Вот и стало всё как есть на свои места. И необыкновенная доброта и снисходительность герцога Оттокара к нашей казнительной бригаде. И намеки покойного принца на великую любовь его жены, которой его земная жизнь стала поперек дороги. И предсмертные угрызения совести, о коих поведал нам Олаф, сущий чаровник с женами и девами, теряющий всякую веру и меру в общении с мужами.
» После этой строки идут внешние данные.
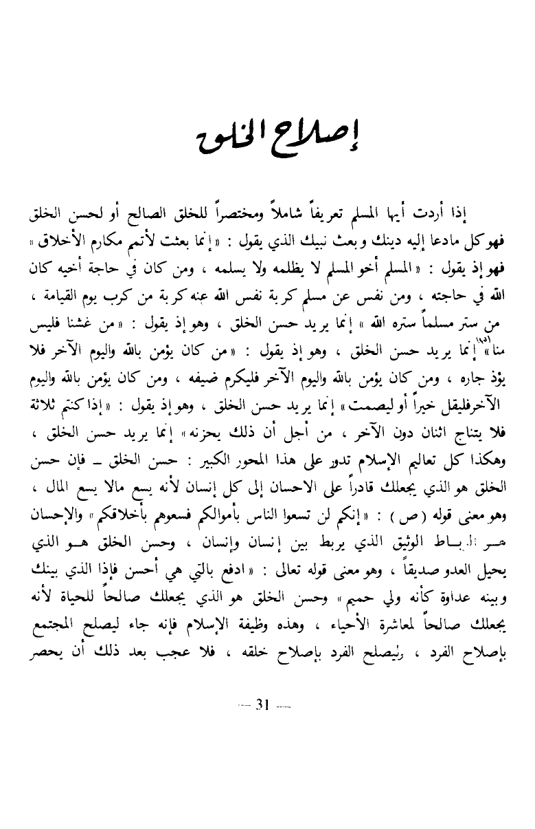 إذا أردت أيها المسلم تعريفا شاملا ومختصرا للخلق الصالح أو لحسن الخلق فهو كل ما دعا إليه دينك وبعث نبيك الذي يقول: "إنما بعثت لأتمم مكارم الأخلاق" فهو إذ يقول: "المسلم أخو المسلم لا يظلمه ولا يسلمه، ومن كان في حاجة أخيه كان الله في حاجته، ومن نفس عن مسلم كربة نفس الله عليه كربة من كرب يوم القيامة، من ستر مسلما ستره الله" إنما يريد حسن الخلق، وهو إذ يقول: "من غشنا فليس منا" إنما يريد حسن الخلق، وهو إذ يقول: "من كان يؤمن بالله واليوم الآخر فلا يؤذ جاره، ومن كان يؤمن بالله واليوم الآخر فليكرم ضيفه، ومن كان يؤمن بالله واليوم الآخر فليقل خيرا أو ليصمت" إنما يريد حسن الخلق، وهو إذ يقول: "إذا كنتم ثلاثة فلا يتناج اثنان دون الآخر، من أجل أن ذلك يحزنه" إنما يريد حسن الخلق، وهكذا كل تعاليم الإسلام تدور على هذا المحور الكبير: حسن الخلق- فإن حسن الخلق هو الذي بحعلك قادرا على الإحسان إلى كل إنسان لأنه يسع ما لا يسع المال، وهو معنى قوله صلى الله عليه وسلم: "إنكم لن تسعوا الناس بأموالكم فسعوهم بأخلاقكم" والإحسان هو الرباط الوثيق الذي يربط بين إنسان وإنسان، وحسن الخلق هو الذي يحيل العدو صديقا، وهو معنى قوله تعالى: {ادْفَعْ بِالَّتِي هِيَ أَحْسَنُ فَإِذَا الَّذِي بَيْنَكَ وَبَيْنَهُ عَدَاوَةٌ كَأَنَّهُ وَلِيٌّ حَمِيمٌ} وحسن الخلق هو الذي يجعلك صالحا للحياة لأنه يجعلك صالحا لمعاشرة الأحياء، وهذه وظيفة الإسلام فإنه جاء ليصلح المجتمع بإصلاح الفرد، وليصلح الفرد بإصلاح خلقه، فلا عجب بعد ذلك أن يحصر

Все смыслы прошедших событий расставились иначе.
… Мы с Сейфуллой сидим на обочине крутой дороги и любуемся, как громоздкие траурные носилки заволакивают по ступеням с помощью грубой сермяжной силы. Упряжка с похоронными дрогами здесь не пройдет ни туда, ни оттуда. Как, любопытно мне, обходятся с упокоением местные жители? Теснятся в окружении стен или в самих стенах, то бишь в стенных нишах?
Армана с нами нет – едет впереди процессии бок о бок с сестрой. Или взаправду с братом? Нет. Как он объяснил нам, учили владеть оружием их практически наравне, к тому же Йоханна почти на год его старше, а уж крепче и быстрей была всегда. Вот так интересно выбрали кормилицу – с дитенком, что уже ножками по всему дому бегает.
Грегор тоже от меня отпросился – читать над гробом молитвы. Его я не замечаю: как обычно, затерялся посреди толпы. Грязновато-белая хламида, препоясанная лохматым вервием, тусклая плешь, пыльные ноги. Наступишь – не заметишь.
Зато на самом виду, сразу за носилками, красуются рядом трое: скромная юница и по бокам ее мощные рыцари.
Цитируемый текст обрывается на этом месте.